## [Information supplied]
== Segment start ==

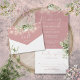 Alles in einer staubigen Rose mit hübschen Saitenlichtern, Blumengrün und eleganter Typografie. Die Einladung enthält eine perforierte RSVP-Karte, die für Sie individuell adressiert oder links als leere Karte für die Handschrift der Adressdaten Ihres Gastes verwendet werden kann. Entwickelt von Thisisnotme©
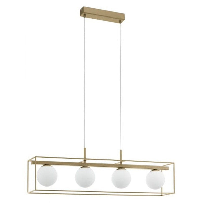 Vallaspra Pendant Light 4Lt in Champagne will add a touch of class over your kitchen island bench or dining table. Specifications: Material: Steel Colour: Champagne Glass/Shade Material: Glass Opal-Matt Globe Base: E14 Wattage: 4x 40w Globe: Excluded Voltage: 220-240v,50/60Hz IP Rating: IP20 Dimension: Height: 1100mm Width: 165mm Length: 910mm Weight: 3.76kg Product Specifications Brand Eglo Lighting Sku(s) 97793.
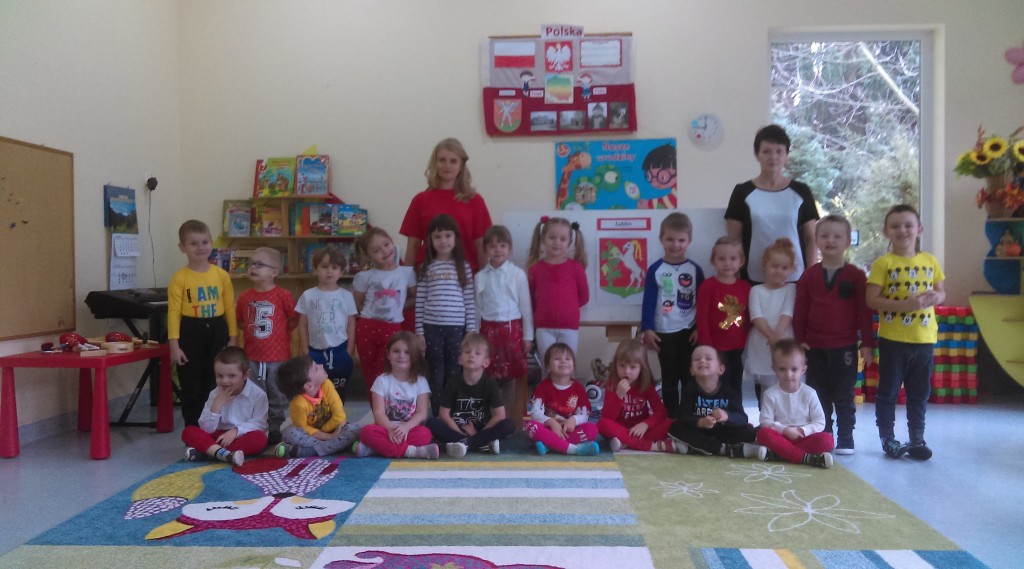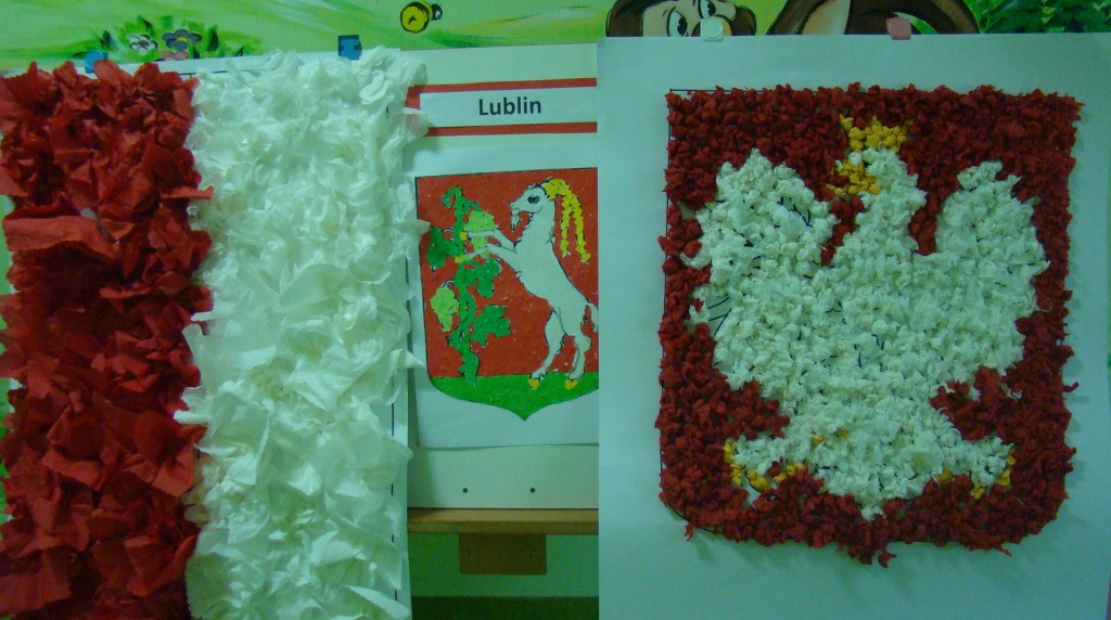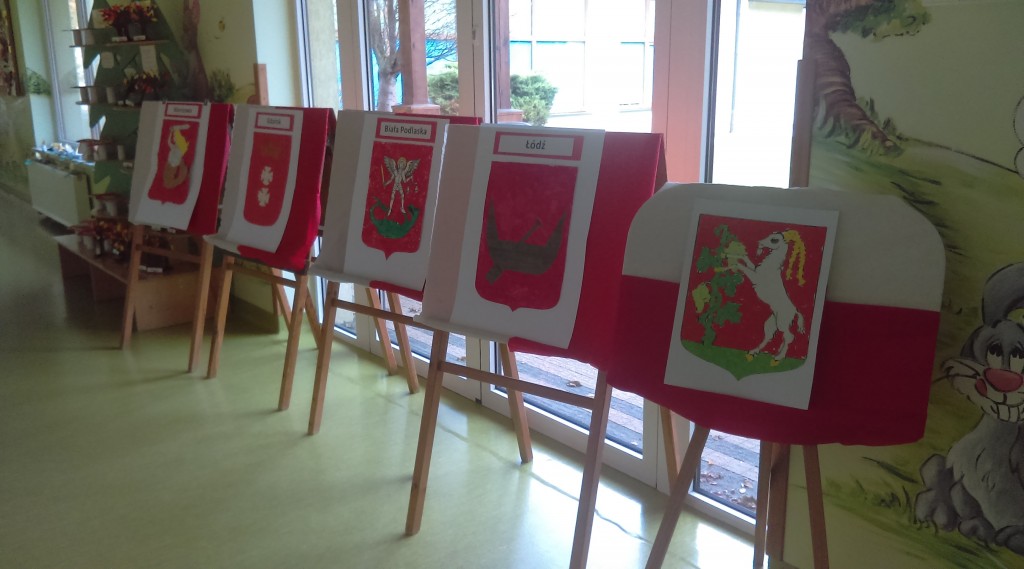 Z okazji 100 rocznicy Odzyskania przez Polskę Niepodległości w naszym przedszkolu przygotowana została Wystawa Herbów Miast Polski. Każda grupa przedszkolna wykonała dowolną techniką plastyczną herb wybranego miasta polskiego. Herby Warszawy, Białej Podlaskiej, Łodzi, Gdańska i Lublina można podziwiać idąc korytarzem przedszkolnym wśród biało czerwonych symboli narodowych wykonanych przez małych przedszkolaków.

== Segment end ==

With the line containing "Vallaspra Pendant Light" as the first line and the last line of the listing as the final one, reproduce that span exactly, without pictures.

## [Task solution]
 Vallaspra Pendant Light 4Lt in Champagne will add a touch of class over your kitchen island bench or dining table. Specifications: Material: Steel Colour: Champagne Glass/Shade Material: Glass Opal-Matt Globe Base: E14 Wattage: 4x 40w Globe: Excluded Voltage: 220-240v,50/60Hz IP Rating: IP20 Dimension: Height: 1100mm Width: 165mm Length: 910mm Weight: 3.76kg Product Specifications Brand Eglo Lighting Sku(s) 97793.
 Z okazji 100 rocznicy Odzyskania przez Polskę Niepodległości w naszym przedszkolu przygotowana została Wystawa Herbów Miast Polski. Każda grupa przedszkolna wykonała dowolną techniką plastyczną herb wybranego miasta polskiego. Herby Warszawy, Białej Podlaskiej, Łodzi, Gdańska i Lublina można podziwiać idąc korytarzem przedszkolnym wśród biało czerwonych symboli narodowych wykonanych przez małych przedszkolaków.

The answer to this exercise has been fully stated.